● **Dataset extract**
※ ※ ※

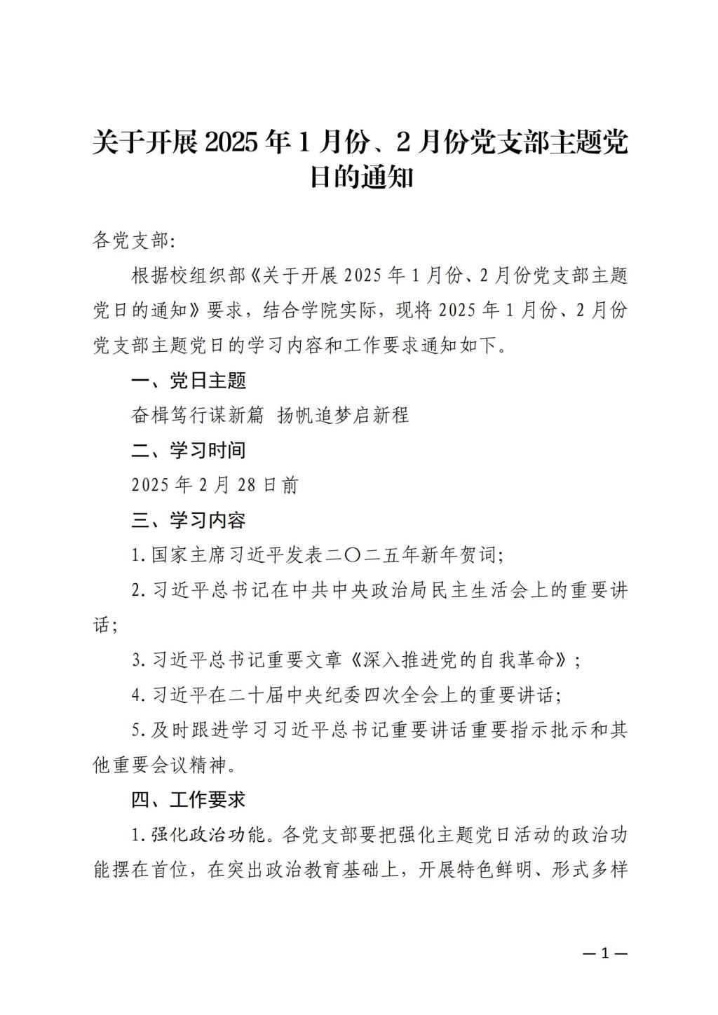 关于开展2025年1月份、2月份党支部主题党日的通知
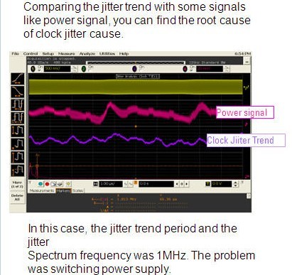 對于系統(tǒng),出現(xiàn)時鐘問題時,很多時候與供電電源有關(guān)(約占80%以上),這時候可以使用抖動分析軟件抖動趨勢圖方法進(jìn)行問題根源跟蹤:因為抖動趨勢圖和其他通道信號可以同時顯示在示波器的屏幕上,當(dāng)發(fā)現(xiàn)抖動趨勢圖和電源信號同步變化時,基本可以確定抖動問題是來自這個電源。
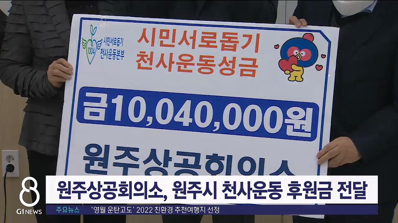 원주상공회의소는 오늘(9일) 원주시청을 방문해 시민서로돕기 천사운동 후원금 천 4만 원을 기탁했습니다.
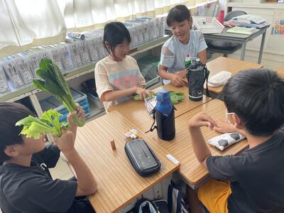 「かぶのお味噌汁,おいしいよね。」など,児童から給食に

※ ※ ※

● **Task brief**
Repeat every line above exactly, minus the pictures.

● **Task result**
 关于开展2025年1月份、2月份党支部主题党日的通知
 對于系統(tǒng),出現(xiàn)時鐘問題時,很多時候與供電電源有關(guān)(約占80%以上),這時候可以使用抖動分析軟件抖動趨勢圖方法進(jìn)行問題根源跟蹤:因為抖動趨勢圖和其他通道信號可以同時顯示在示波器的屏幕上,當(dāng)發(fā)現(xiàn)抖動趨勢圖和電源信號同步變化時,基本可以確定抖動問題是來自這個電源。
 원주상공회의소는 오늘(9일) 원주시청을 방문해 시민서로돕기 천사운동 후원금 천 4만 원을 기탁했습니다.
 「かぶのお味噌汁,おいしいよね。」など,児童から給食に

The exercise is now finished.